Advice to Young Ladies.

Adieu, good reader, now adieu ;
Adieu to ink and paper;
Adieu to pens, and penknives, too,
Adieu our midnight taper.

We have now passed through the history of Gretna Green "from the most remote times to the present day." We have not only liberally set forth every broad fact with unreserve—not only freely revealed all the valuable information which the most arduous scrutiny could discover in the most rare, ancient, and authentic chronicles—not only transcribed with infinite care, all the important passages that served for illustration, as existing in the archives of this interesting place itself, (and especially everything which was founded on the unerring testimony of tradition, which, as we have always said, is ever the truest part of history—but we have also, we trust, omitted no opportunity, as a moral philosopher, of giving what wholesome, sage, fitting, or goodly advice to our amorous young readers, which it might have been in our power to give for their benefit.

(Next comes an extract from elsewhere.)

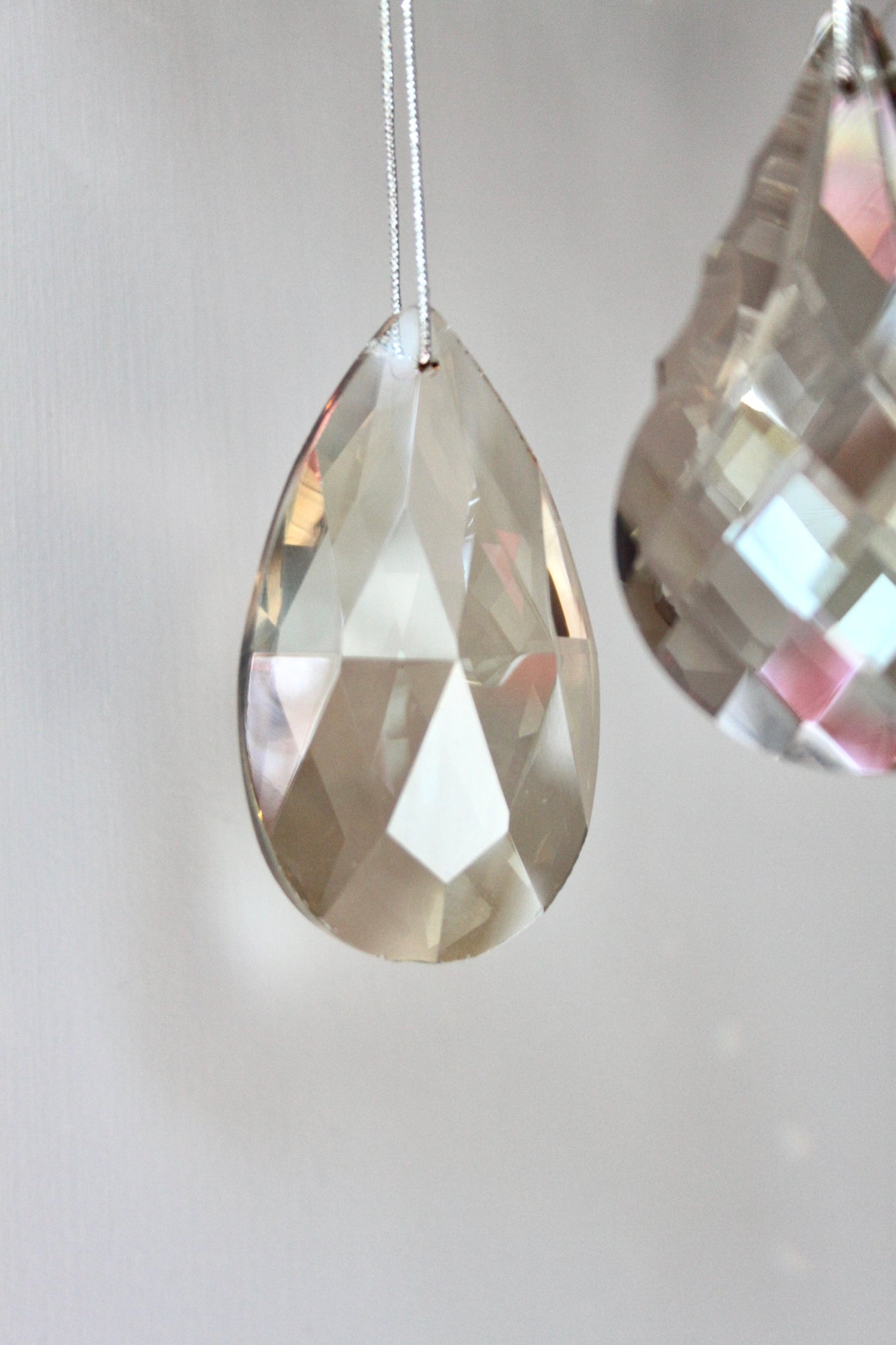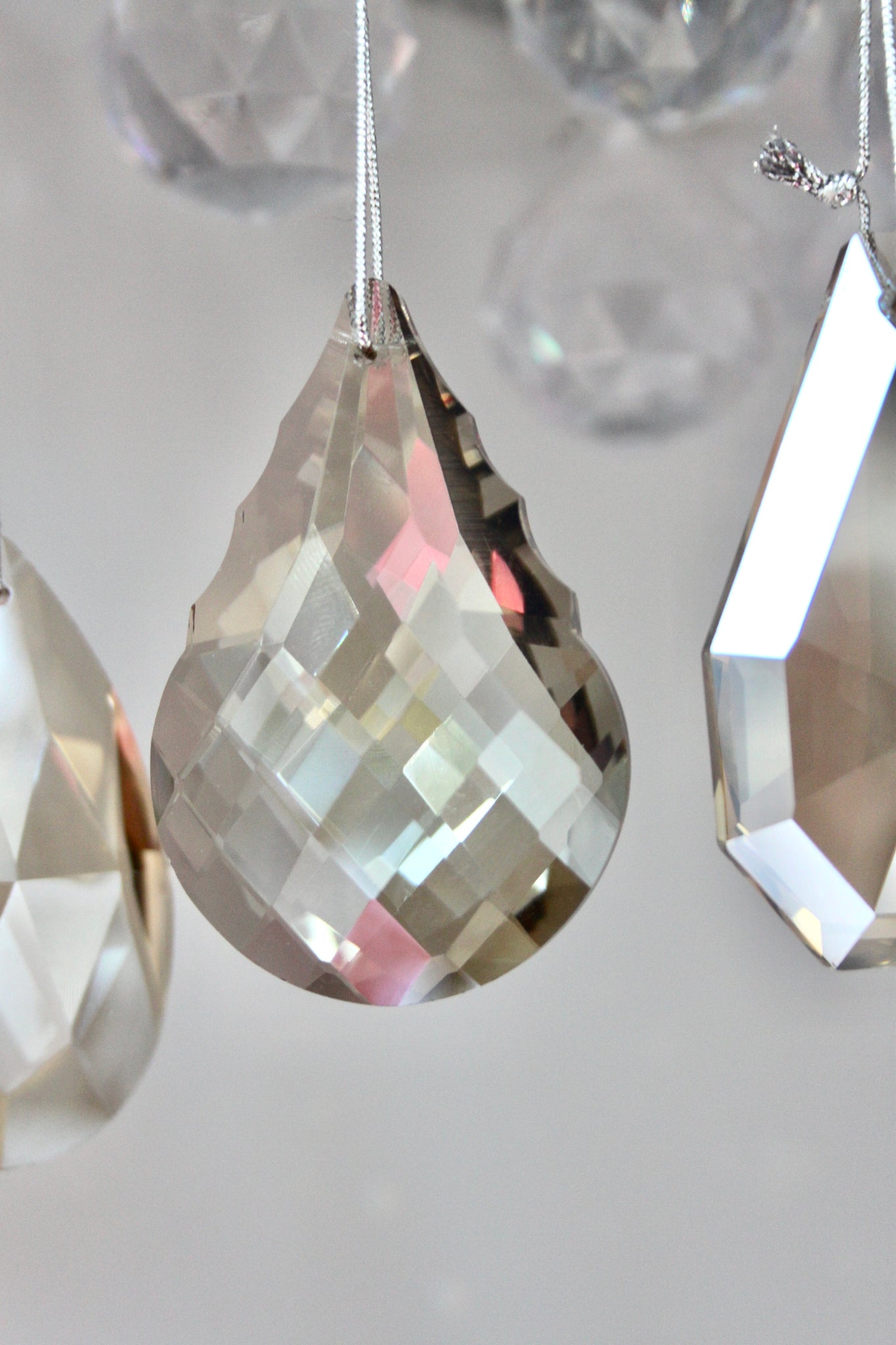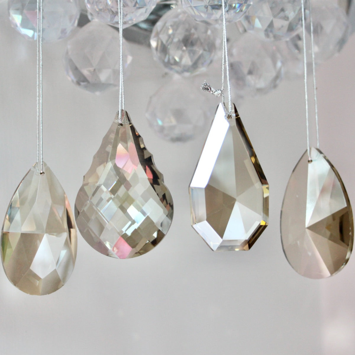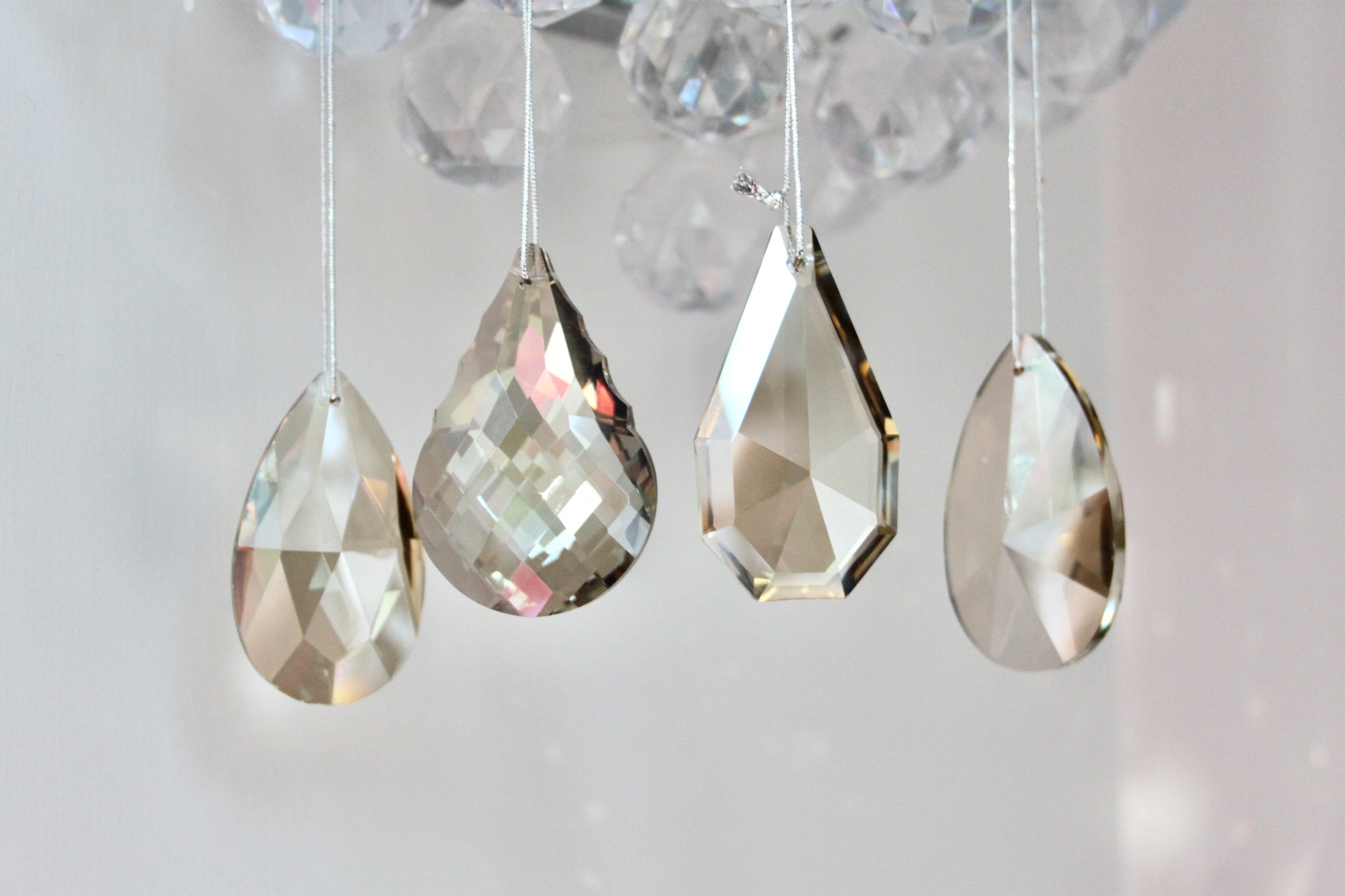Stunning smoked glass crystal decorations - beautiful additions for the Christmas tree. Sold in a set of 4 - 2 x pear drop designs and 2 x tear drop design. For info, the pear drop design includes the crystal with the most cuts in the glass.

It may have been seen that we are not one of the pupils of that modern Agafyp's, the chief tenet of which is, to advocate universal celibacy; because we know that such a tenet would be based in absurdity, and would be contrary to reason and contrary to nature. Man is a gregarious animal—he cannot be alone—and it is not well that he should. His own frailties and his inherent infirmities, make him dependent on his fellow-creatures for his food, his raiment, and for succour in sickness. He cannot exist in a stern solitude, like the condor of the mountain, or the wild beast of the measureless desert. The faculty of speech, alone, is enough to argue that he was always predestined for a social and communicative state of society. If there are evils in matrimony, pray are there not also evils attendant on single life, such as sometimes make bachelors and maidens call it single cursedness? The fact is, there is no unalloyed happiness to be found in the world, in any condition whatsoever; and therefore it is futile to lay the charges against the married state, which, in nine cases out of ten, ought rather to be laid to our own unaccommodating dispositions, on our own bad tempers, and our own vile passions.

Neither are we one of those who uphold, without exception, the unapproachable superiority of the male sex over the female ; but readily allow to the latter, all the freedom—all the liberty—all the equality— and even all the superiority wherever it is manifest, to which this much-enduring sex is entitled. Several lady-champions have of late years started up, and fought' hard for the rights of their own sex ; and if they have achieved any good to themselves by so doing, of a truth we give them hearty congratulations there anent. We only regret that they should ever have had to fight at all; for this fact, if allowed to be, and to have been, the case, strongly implies that something has been withheld from them by their "masters," as Lady Morgan calls them, for which they longed, and which they could not obtain without the ungentle process of thus fighting. This is a grievous hit at the lords of the creation. The times, however, are now changed; and henceforth and for evermore, the ladies in all things, and on all occasions, are unquestionably to do just as they please.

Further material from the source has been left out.